Hoy, dos semanas después del barinazo, quienes se presume deberían haber aprendido la lección derivada de la victoria unitaria, no logran ponerse de acuerdo sobre los pasos a seguir, entre otras cosas, porque muchos temen, yo entre ellos, resbalar con la concha de mango del referéndum revocatorio —¿olvidaron acaso las planillas planas y la infame lista negra del diputado Tascón?—, cuyos promotores ya contabilizan los pollos por nacer y proponen primarias a fin de tener in pectore al sustituto de Maduro.

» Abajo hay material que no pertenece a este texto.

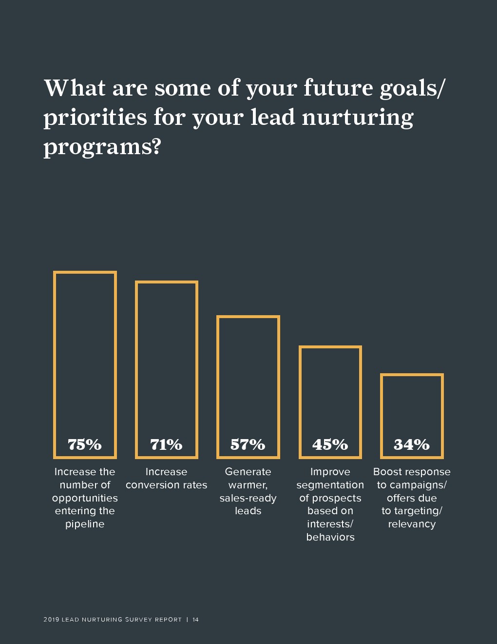 展望未来,3/4的受访者(75%)的未来潜在客户培养目标是增加进入渠道的机会数量,7/10将优先考虑提高转化率(71%)。
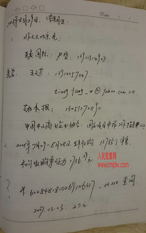 · 人民监督网的朱瑞峰记者网络曝光张雷达行贿日记后,引起了最高检领导的高度关注,山东省检察院领导象热锅上的蚂蚁,多次试图公关。在曝光后的第6天,即,11月5日下午,上级领导命令德州市检察院到德州福洋淀粉公
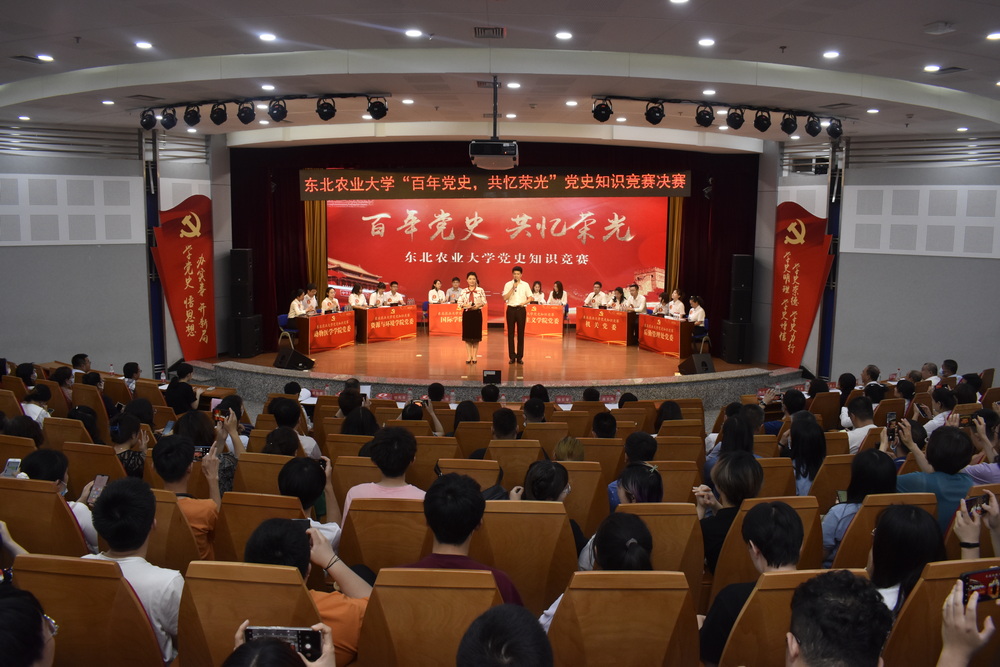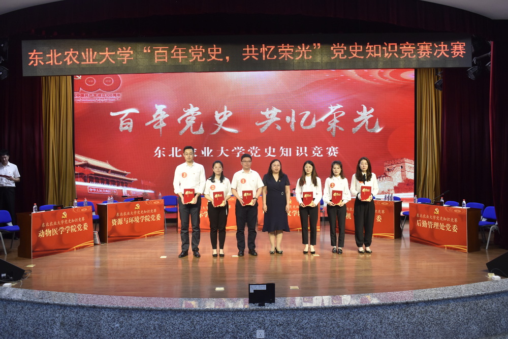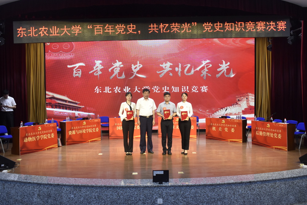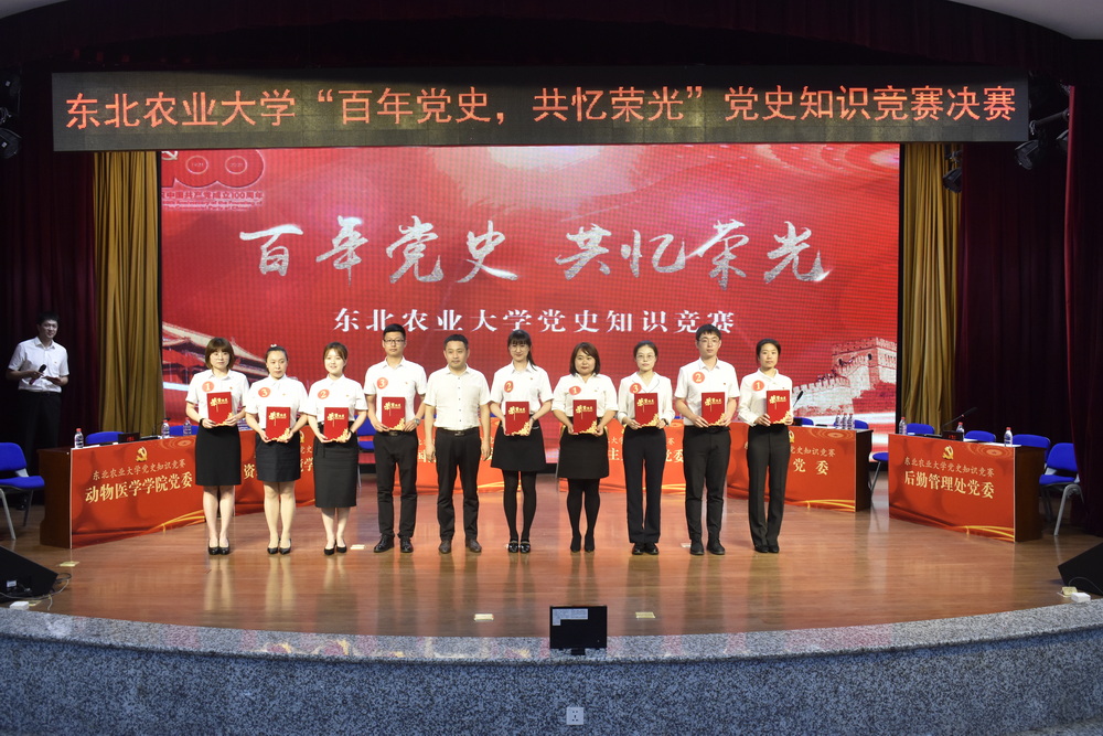 为庆祝中国共产党成立100周年,进一步推动党史学习教育走深走实,6月23日,我校在图书馆报告厅举办“百年党史,共忆荣光”党史知识竞赛决赛。校党委副书记兼工会主席庞玉红,宣传部部长吴春丽,校工会副主席杨石穿,校团委副书记高天琦,各党委(总支)书记,各参赛代表队教师代表参加会议。动物科学技术学院党委书记徐光君,生命科学学院党委书记施喜军,食品学院党委书记潘俊波,艺术学院党委书记张卫国担任党史知识竞赛评委。
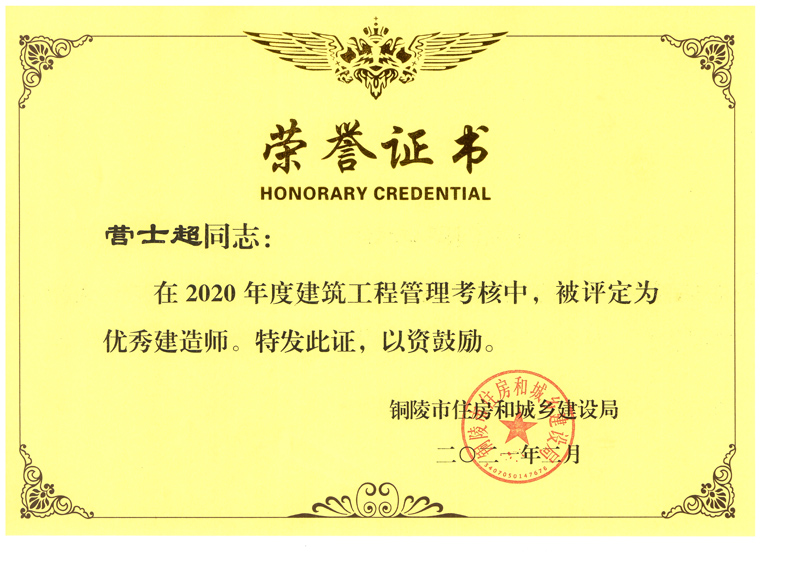 • 銅陵市2020年度優秀建造師(營士超)
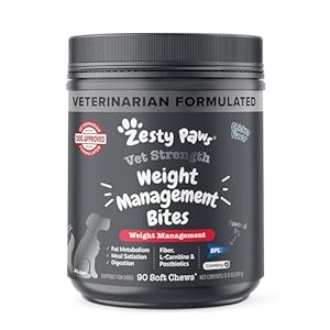 Zesty Paws Weight Management Bites for Dogs – Veterinarian Formulated – Metabolism & Appetite Control – L-Carnitine, Fiber, Postbiotics & B Vitamins – Healthy Weight Dog Supplement – 90 Count
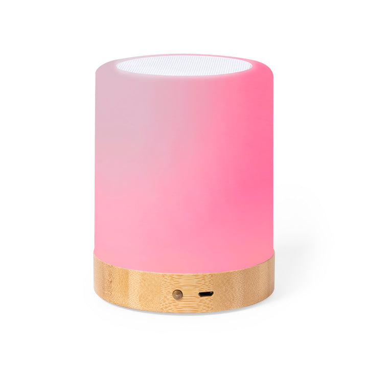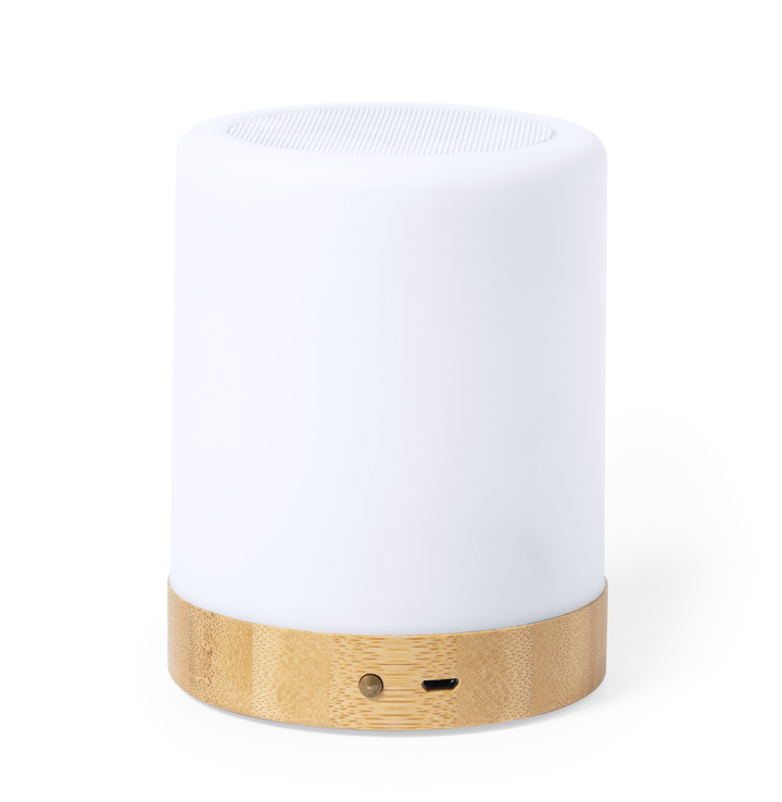 Nature Line Lautsprecher, hergestellt aus einer Kombination aus Bambus und widerstandsfähigem ABS. Mit Smart-LED-Technologie und Bluetooth 5.0-Verbindung. Dank der ILT Intelligent Led Technology müssen Sie nur mit den Fingern auf den oberen Teil des Lautsprechers drücken, um die Farbe und Intensität des LED-Lichts nach Wunsch zu ändern und die 4 verfügbaren Lichtpositionen zu kombinieren. 3W Leistung und rutschfeste Gummihalterungen an der Basis. Präsentiert in einer attraktiven Öko-Designbox.

Estamos, como en un oscarizado filme de Milos Forman —One flew over the cuckoo’s nest, 1975—, atrapados y sin salida. Con el cuento del hartazgo y la supervivencia del ciudadano de a pie, no hubo quien apostase siquiera por un rutinario izar de banderas con motivo de la efeméride abominada por Chávez —no hay nada que celebrar ese día, afirmó hace 20 años cuando el mundo se le venía encima—. El comandante galáctico vació de contenido la fecha cumbre de la democracia venezolana y, veintitantos años después, aquí seguimos atrapados entre la confusión y la resignación. La revocación de un ilegítimo puede (y tal vez eso buscan los rojos), paradójicamente, legitimarlo. Por eso, la usurpación no ha tomado partido. Todavía. Cuesta decirlo; empero, del espíritu del 23 de enero de 1958 no queda ni la esperanza de una milagrosa reedición. En estos tiempos de hombres con corazón de cochino, el exceso de memoria es un lastre y hasta un riesgo demasiado grande. ¿Brindamos por el olvido?